We present results of molecular dynamics simulations of fully hydrated DMPC bilayers performed on graphics processing units (GPUs) using current state-of-the-art non-polarizable force fields and a local GPU-enabled molecular dynamics code named FEN ZI. We treat the conditionally convergent electrostatic interaction energy exactly using the Particle Mesh Ewald method (PME) for solution of Poisson’s Equation for the electrostatic potential under periodic boundary conditions. We discuss elements of our implementation of the PME algorithm on GPUs as well as pertinent performance issues.

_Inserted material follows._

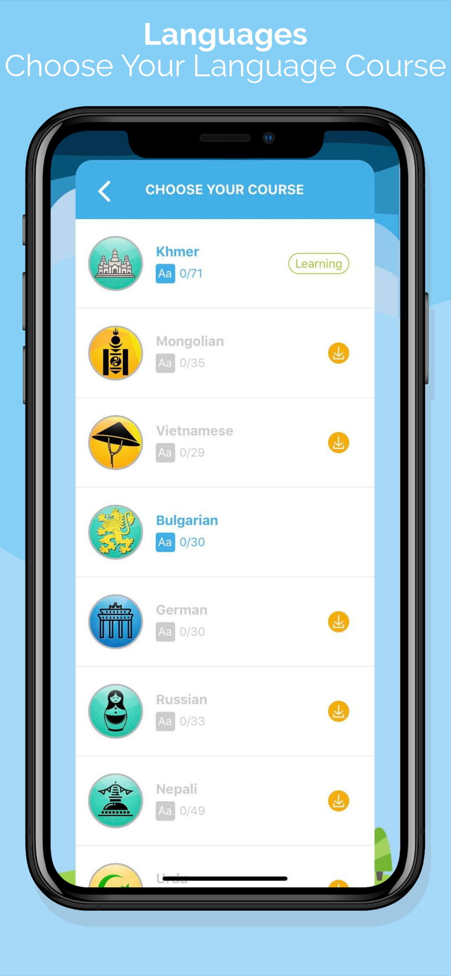 • Many other language alphabet courses: Thai Alphabet, Korean Alphabet, Vietnamese Alphabet, Lao Alphabet, Burmese Alphabet, Hindi Alphabet, Arabic Alphabet, Urdu Alphabet, German Alphabet, Hebrew Alphabet, Russian Alphabet, Georgian Alphabet, Bengali Alphabet, Bulgarian Alphabet, Khmer (Cambodian) Alphabet...

We proceed to show results of simulations of extended lipid bilayer systems using our program, FEN ZI. We performed simulations of DMPC bilayer systems consisting of 17004, 68484 and 273936 atoms in explicit solvent. We present bilayer structural properties (atomic number densities, electron density profiles), deuterium order parameters (SCD), electrostatic properties (dipole potential, water dipole moments), and orientational properties of water. Predicted properties demonstrate excellent agreement with experiment and previous all-atom molecular dynamics simulations. We observe no statistically significant differences in calculated structural or electrostatic properties for different system sizes, suggesting the small bilayer simulations (less than 100 lipid molecules) provide equivalent representation of structural and electrostatic properties associated with significantly larger systems (over 1000 lipid molecules). We stress that the three system size representations will have differences in other properties such as surface capillary wave dynamics or surface tension related effects that are not probed in the current study. The latter properties are inherently dependent on system size. This contribution suggests the suitability of applying emerging GPU technologies to studies of an important class of biological environments, that of lipid bilayers and their associated integral membrane proteins. We envision that this technology will push the boundaries of fully atomic-resolution modeling of these biological systems, thus enabling unprecedented exploration of meso-scale phenomena (mechanisms, kinetics, energetics) with atomic detail at commodity hardware prices.